Route information
- Length: 105.3 km (65.4 mi)

Major junctions
- From: Km 114.4 of I-1, Krapchene
- To: Km 101.0 of I-3, Dolni Dabnik

Location
- Country: Bulgaria
- Towns: Byala Slatina, Knezha, Iskar, Dolni Dabnik

Highway system
- Highways in Bulgaria;

= II-13 road (Bulgaria) =

Road in Bulgaria

Republican Road II-13 (Републикански път II-13) is a 2nd class road in northwestern Bulgaria, running in general direction west–east through the territory of Montana, Vratsa and Pleven Provinces.
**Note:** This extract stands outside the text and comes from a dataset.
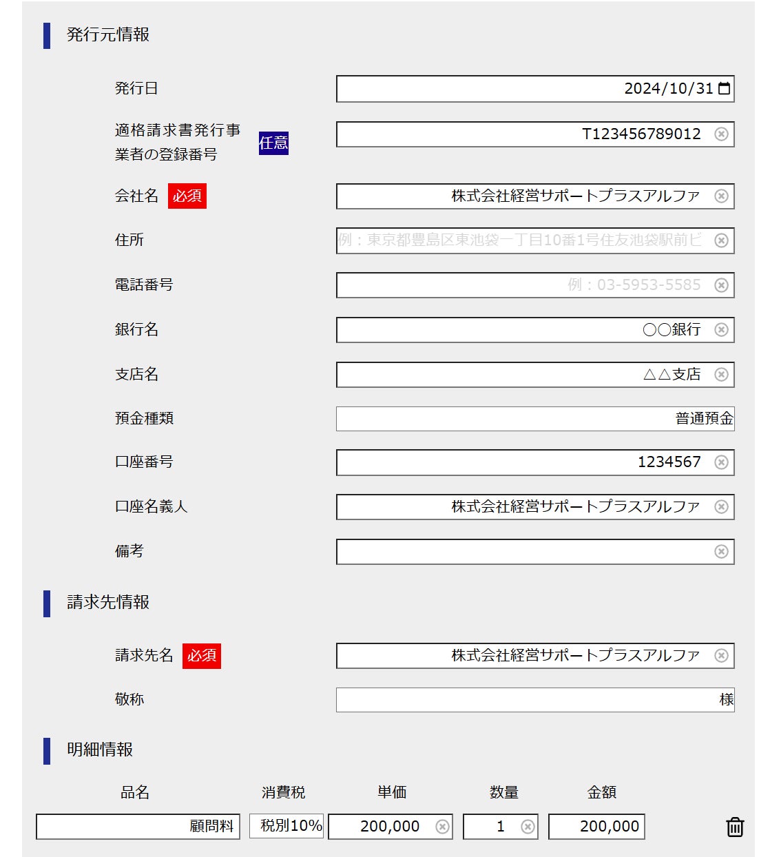 ツールの利用時は、請求金額および請求者や請求先に関する情報を入力するだけです。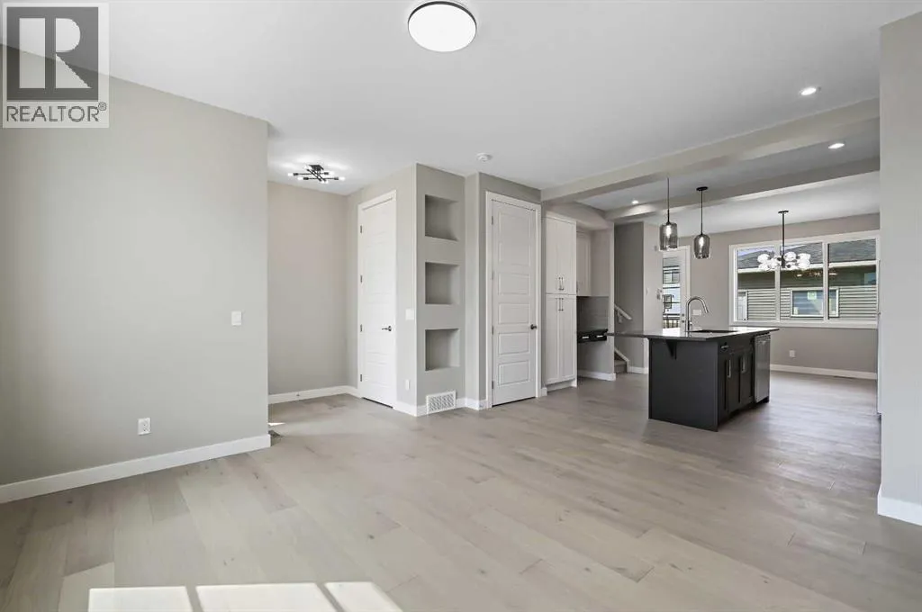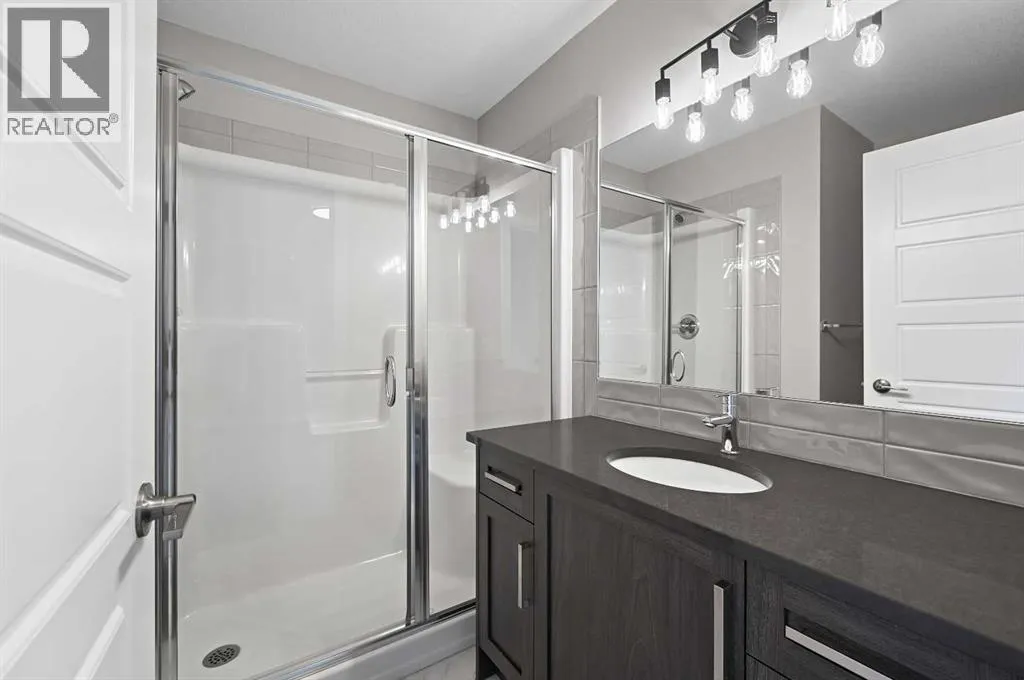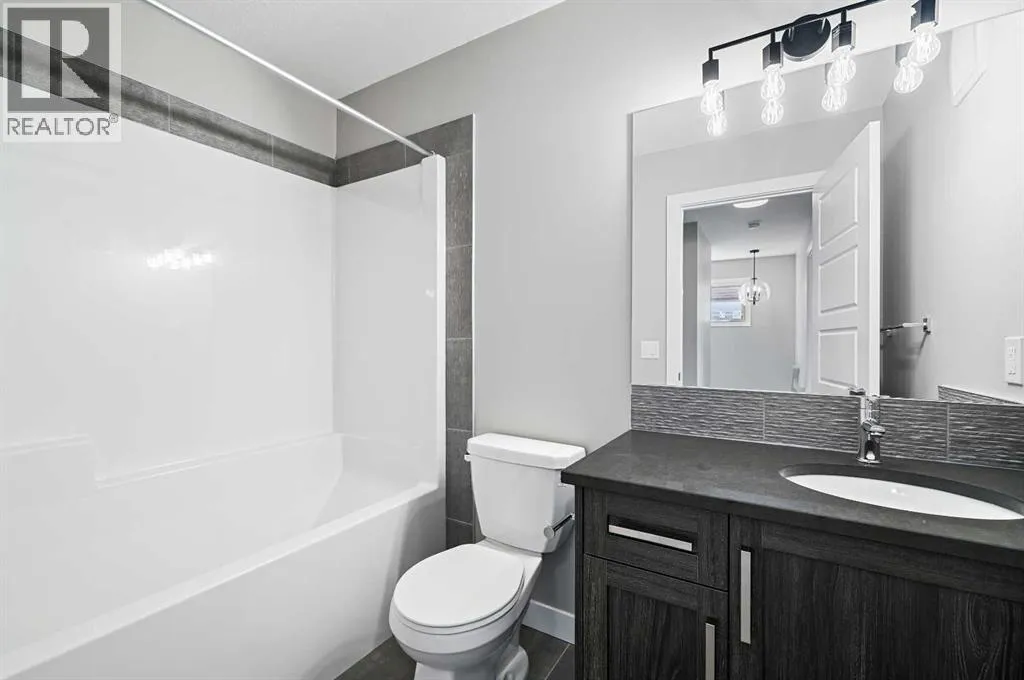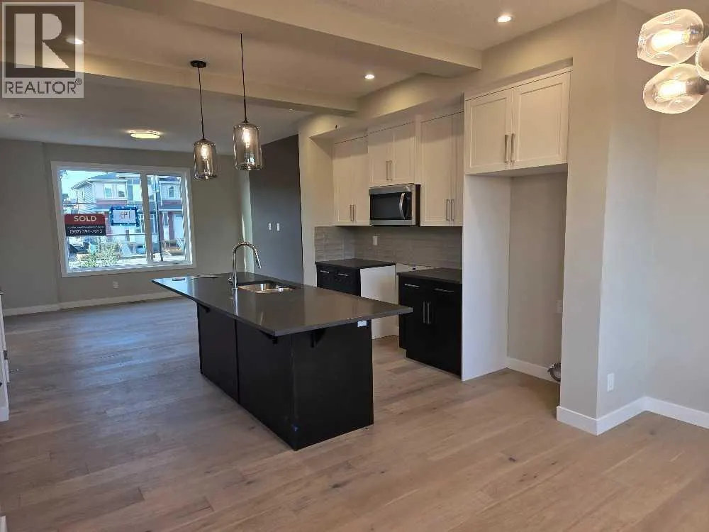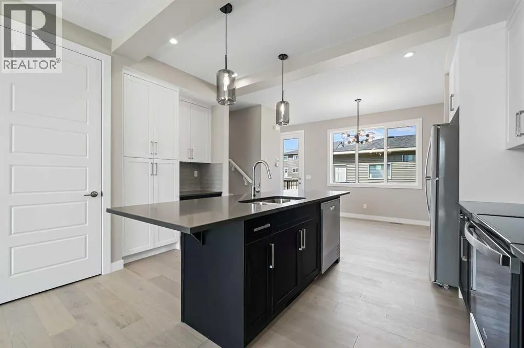 Public Remarks: IMMEDIATE POSSESSION. ,DOUBLE DETACHED GARAGE, DECK, FENCED AND LANDSCAPED, NO CONDO FEES. SOME PICTURES ARE OF SIMILAR MODEL, Welcome to the "St. Andrews" townhome, by Award winning, Master Builder, Douglas Homes Ltd. From the front covered porch, the entry opens onto the spacious great room with 9ft ceiling and gleaming hardwood floors throughout the main floor. The aspiring chef will appreciate the well planned "island" kitchen. From the upgraded 42 inch, soft close cabinets, to the gorgeous quartz countertops, everything is within easy reach. The sparkling stainless steel fridge, the glass top, self cleaning electric range, dishwasher, and over the range microwave/hoodfan are all just an arms length from the kitchen sink. Opposite side of the island, provides a convenient pantry, and desk with upper cabinet for all those recipe books you will collect. The spacious dining area features a large picture window looking out upon the back yard with room for the kids to play, with a rear entry door to the deck for those summer bbq's. Here also is a 2pc powder room for your guests convenience, and perhaps the kids hurried need. Upstairs includes 2 good sized secondary bedrooms, a 4pce bathroom with quartz vanity and tile floors, a convenient upstairs laundry, and a spacious primary bedroom with large upsized window and ensuite bath, with walk in shower, with glass front, tile floor and again a quartz vanity. The full basement provides rough in plumbing for a future bath, one window for future bedroom, and enough space remaining for a spacious future family room if you decide your family needs room to spread. All this in the desirable new subdivision Cobblestone Creek, with tennis courts, playgrounds, future school reserve, pathways and numerous green spaces, on the western edge of Airdrie, with wide open country side, and views to the west. (id:27476)

Its length is 105.5 km.

== Route description ==
The road starts at Km 114.4 of the first class I-1 road in the village of Krapchene in Montana Province just east of the provincial center Montana and heads east through the western Danubian Plain. It passes through the villages of Stubel and Lipen, enters Vratsa Procince, crosses the river Botunya, a left tributary of the Ogosta and reaches the town of Krivodol. The road then runs through the villages of Osen, Devene and Borovan, where it intersects with the second class II-15 road. It then crosses the town of Byala Slatina and the river Skat, and enters Pleven Province. There it passes through the town of Knezha, crosses the river Iskar, runs through the town of Iskar and reaches its terminus at Km 101.0 of the first class I-3 road east of the town of Dolni Dabnik.